BEGIN Supplied data

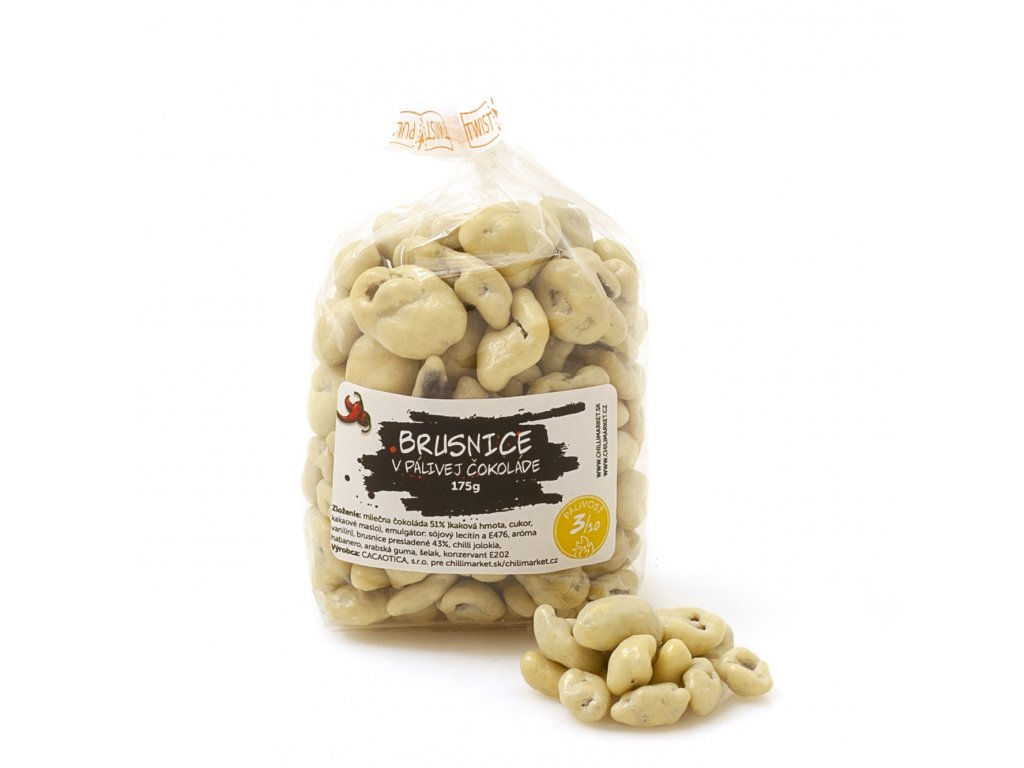 Zloženie: brusnice presladené (43%) čakanková vláknina, Firbulín, biela 51% kakaová hmota, cukor, kakaová maslo, sušená srvátka, emulgátor: sójový lecitín; aróma: prírodná vanilka; Chilli: Moruga scorpion, arabská guma a šelak, konzervant E202
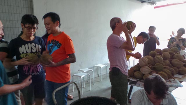 Prison Fellowship organized a durian feast event last evening. Turn out was excellent. Kindness Movement Chairman Dr William Wan started the event with appreciation to the people and the volunteers for making the event meaningful and successful. Everyone tasted their favorite durian and Ah Seng the durian supplier did a great job of preparing the fruit for easy opening. Little do we know that durian feasts can generate much communication among the people. The event closed with a group photo.
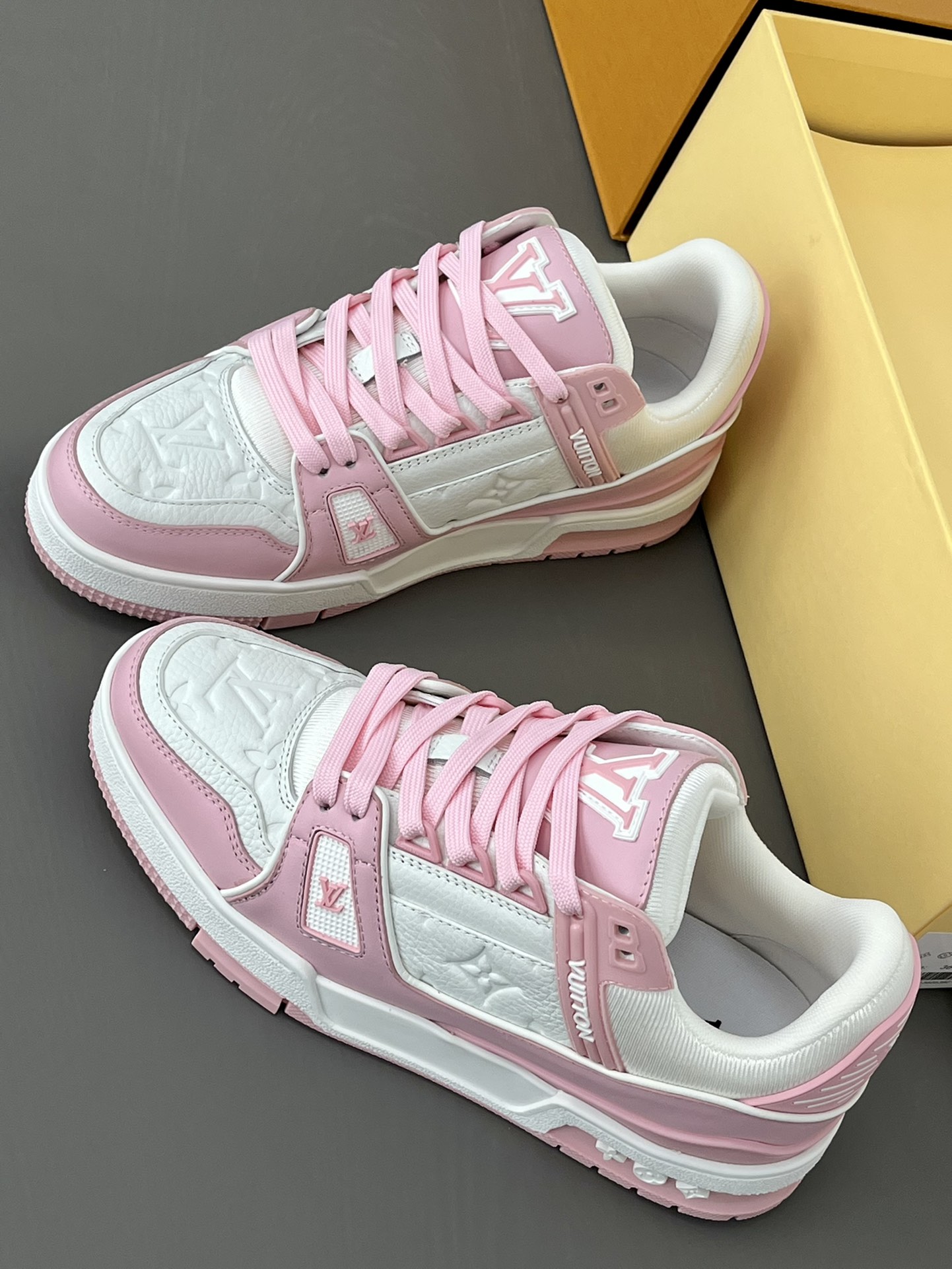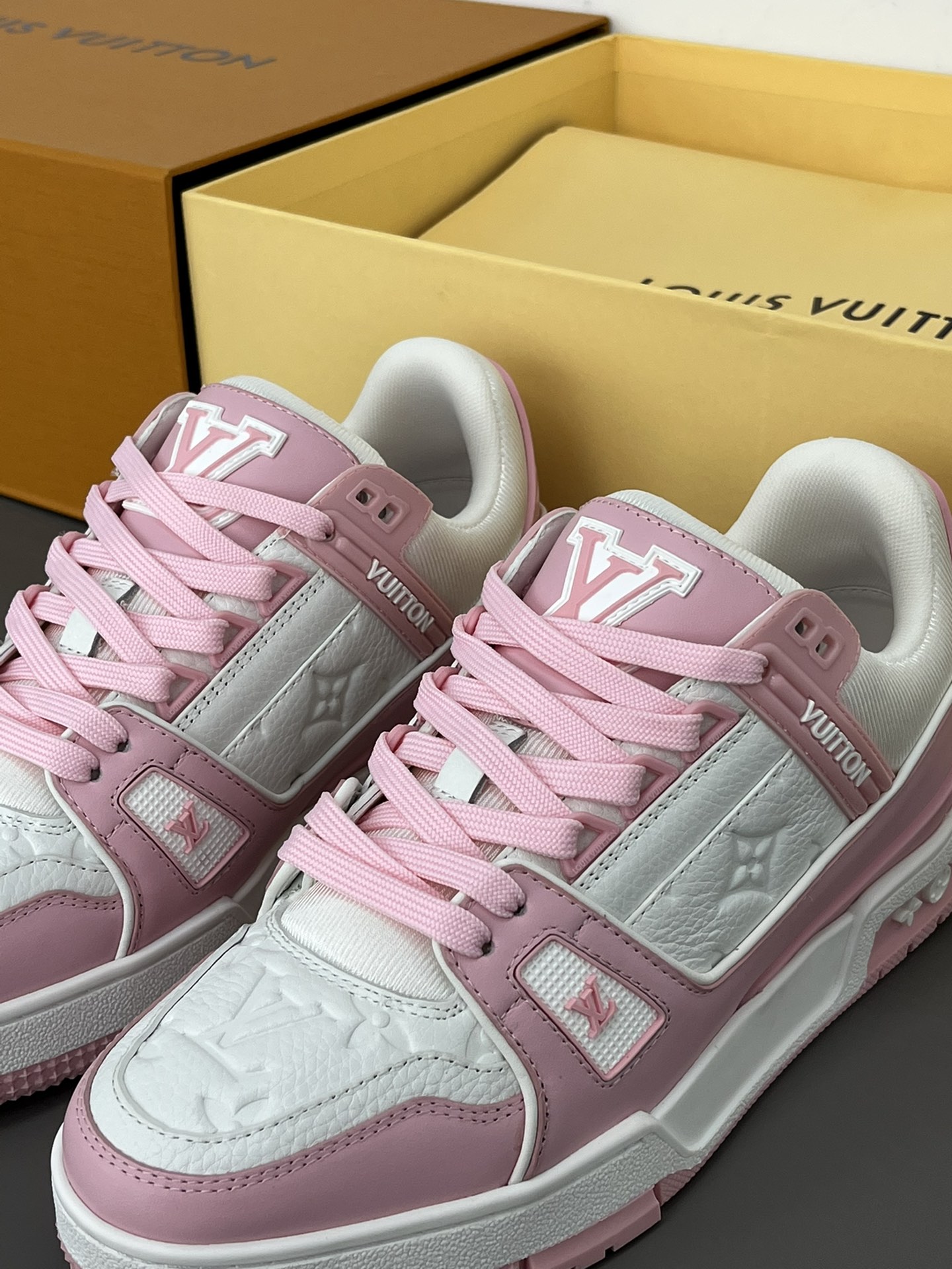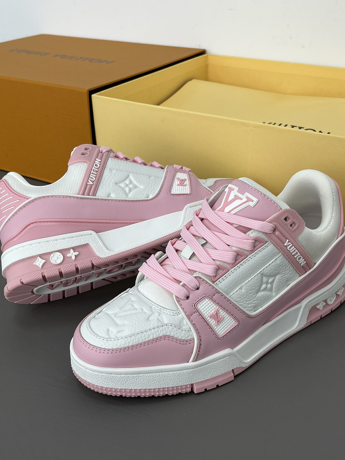这款鞋子是AAAAA 1:1 质量 (非常棒). 使用了和原版一模一样的材料. 商标部分也保持了和路易威登/Louis Vuitton一样. 图片拍摄是实物鞋子拍摄, 您所收到的实物保证和我们图片一模一样.
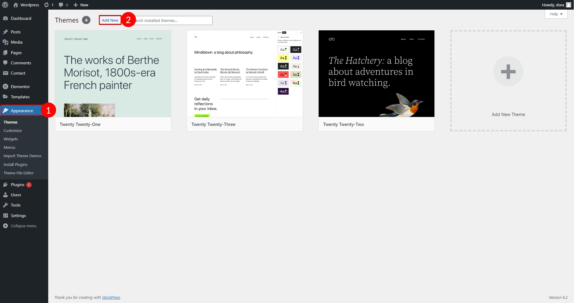 Log in to your WP Admin Dashboard and open the Appearance > Themes menu
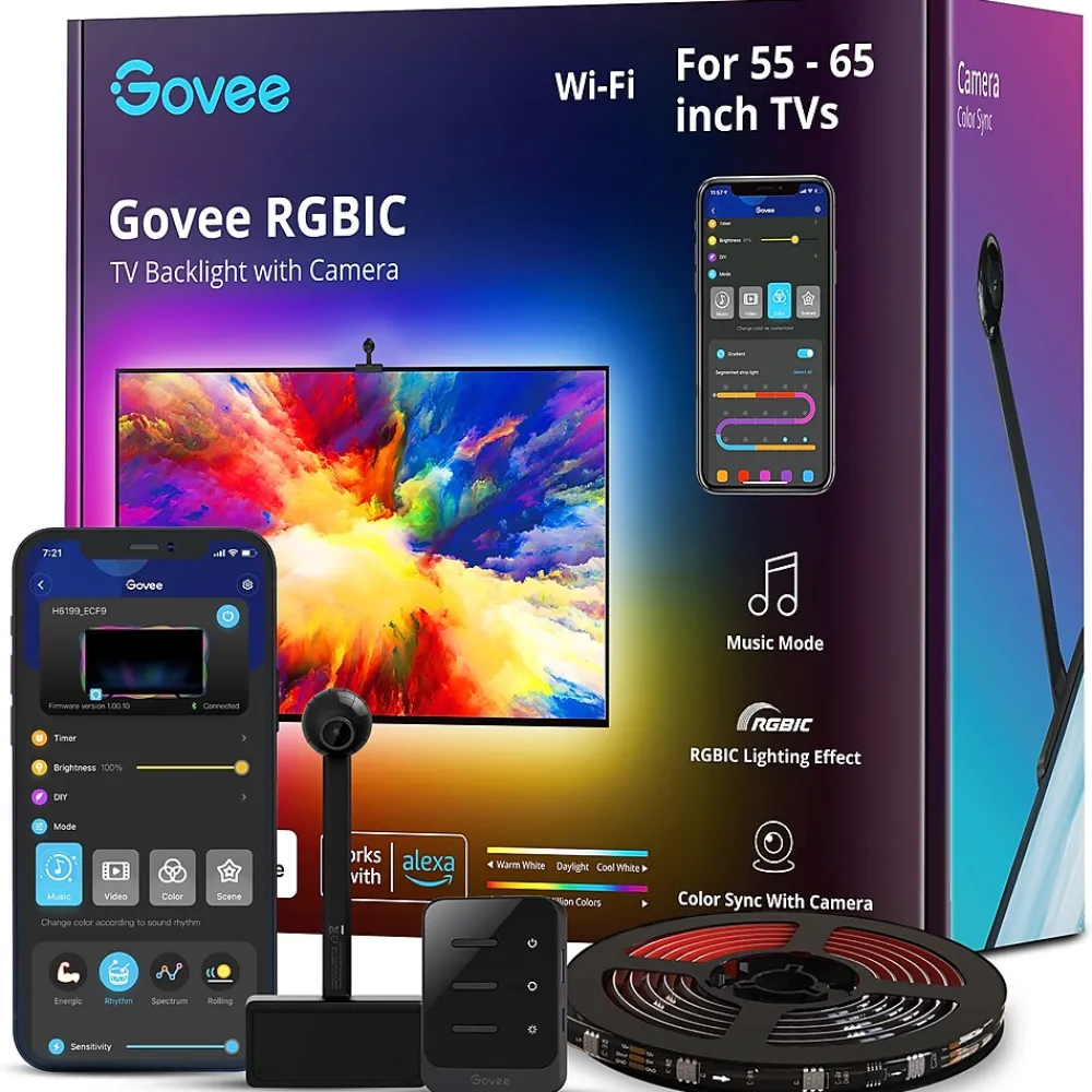 With the DreamView T1 TV Backlight, your gaming world and movie nights will never be the same. Enhance your home entertainment with splashes of vibrant colors dancing around your TV, mimicking what’s on-screen. The DreamView T1 TV backlight includes smart voice control (compatible with Alexa and Google Assistant) and Govee’s Envisual color-match technology. You can also personalize your RGBIC colored lighting using the 12 scene modes, music mode, or you can customize your own design. Fits 55″-65″ TVs.

END Supplied data

Please transcribe the material above exactly as written. Leave the pictures out.

* Exercise output
 Zloženie: brusnice presladené (43%) čakanková vláknina, Firbulín, biela 51% kakaová hmota, cukor, kakaová maslo, sušená srvátka, emulgátor: sójový lecitín; aróma: prírodná vanilka; Chilli: Moruga scorpion, arabská guma a šelak, konzervant E202
 Prison Fellowship organized a durian feast event last evening. Turn out was excellent. Kindness Movement Chairman Dr William Wan started the event with appreciation to the people and the volunteers for making the event meaningful and successful. Everyone tasted their favorite durian and Ah Seng the durian supplier did a great job of preparing the fruit for easy opening. Little do we know that durian feasts can generate much communication among the people. The event closed with a group photo.
这款鞋子是AAAAA 1:1 质量 (非常棒). 使用了和原版一模一样的材料. 商标部分也保持了和路易威登/Louis Vuitton一样. 图片拍摄是实物鞋子拍摄, 您所收到的实物保证和我们图片一模一样.
 Log in to your WP Admin Dashboard and open the Appearance > Themes menu
 With the DreamView T1 TV Backlight, your gaming world and movie nights will never be the same. Enhance your home entertainment with splashes of vibrant colors dancing around your TV, mimicking what’s on-screen. The DreamView T1 TV backlight includes smart voice control (compatible with Alexa and Google Assistant) and Govee’s Envisual color-match technology. You can also personalize your RGBIC colored lighting using the 12 scene modes, music mode, or you can customize your own design. Fits 55″-65″ TVs.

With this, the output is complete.